The Durham Court overruled his first ground of error with this conclusion: “No reversible error has been shown.” Immediately preceding the conclusion, the Court noted and found:

“In the present case guilt was not an issue because it was established by the plea after proper admonishment before the jury and the reasons for naming an informant are not present.”3

*614Durham v. State, supra, at 759. In other words, the Court impressed the informer’s privilege and its exceptions4 on lay citizens who pass on to a peace officer the purported reputation of another.

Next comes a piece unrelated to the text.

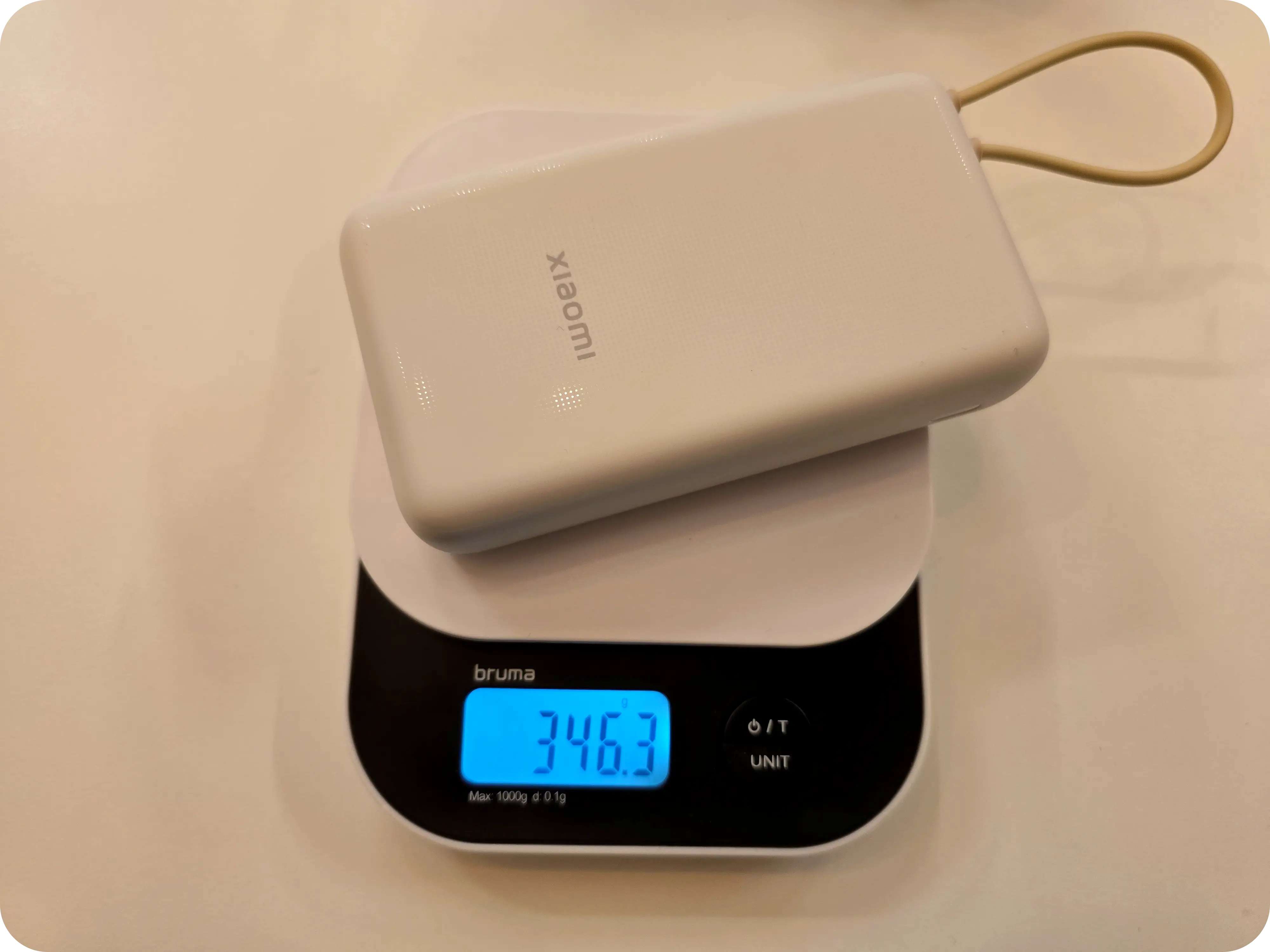 제품의 무게는 측정결과 346.3g으로 2만 용량치고는 가볍다고 할 수 있으나 손에 들고 다니기에는 무거운 편이다. 가방 안에 넣고 다니는 제품이라고 생각하면 작고 가볍지만 손에 들고 다니기에는 두껍고 무거운 보조배터리라고 생각하면 되겠다.
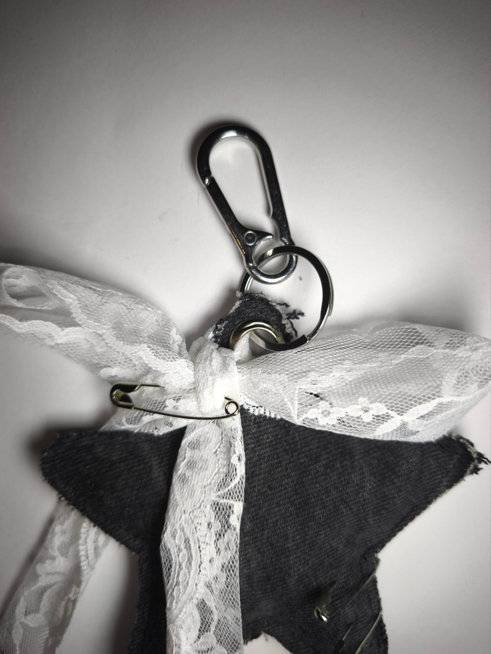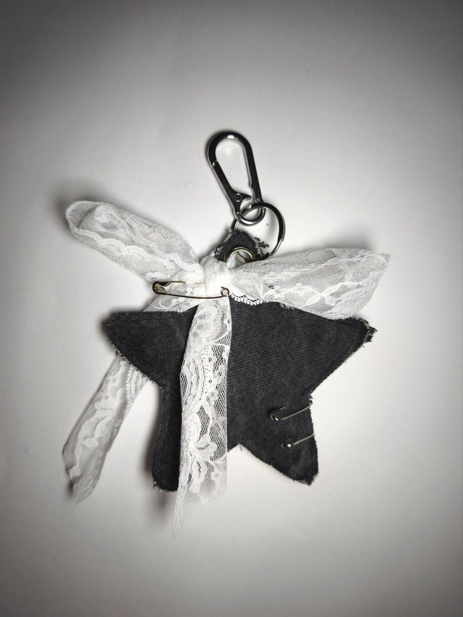 Charm en forme d’étoile en jean gris foncé avec noeud en dentelle blanche et épingle à nourrice

We are not persuaded the privilege is applicable, at least as fashioned in Durham. The opinion has not since been cited on that point, so far as Shepard’s Texas Citations informs, although its absence from the lists may well mean the occasion is rarely presented. And in our best judgment, the matter is a nonissue — there is really no problem in the premises.

Though the Legislature seems to have delineated character and general reputation as equals, see Article 37.07, § 3(a), V.A.C. C.P., in truth they are not. “At this late date it should be too well understood to require comment that actual character is distinct from reputation which is merely evidence of character,” Ray, op. cit., § 1324, 1A Texas Practice 500; see generally Ward v. State, 591 S.W.2d 810 (Tex.Cr.App.1978, 1979). Moral character is a bundle of personal traits — “the inherent qualities of a person” — whereas reputation is a mode of proving character and is, therefore, a source of evidence resorted to in order to allow an inference to be drawn “as to the nature of the actual trait,” ibid. However, to be a reliable source the reputation in question must reflect a general opinion commonly held by the community. Id., § 1325, 1A Texas Practice 501. As already indicated, and as presented in greater detail by the opinion of the Court of Appeals, the testimony of the officer sufficed to lay an ample predicate as well as to establish existence of a reputation of appellant for being a peaceable and lawabiding citizen, as to qualify him to express it to the jury — without proper challenge.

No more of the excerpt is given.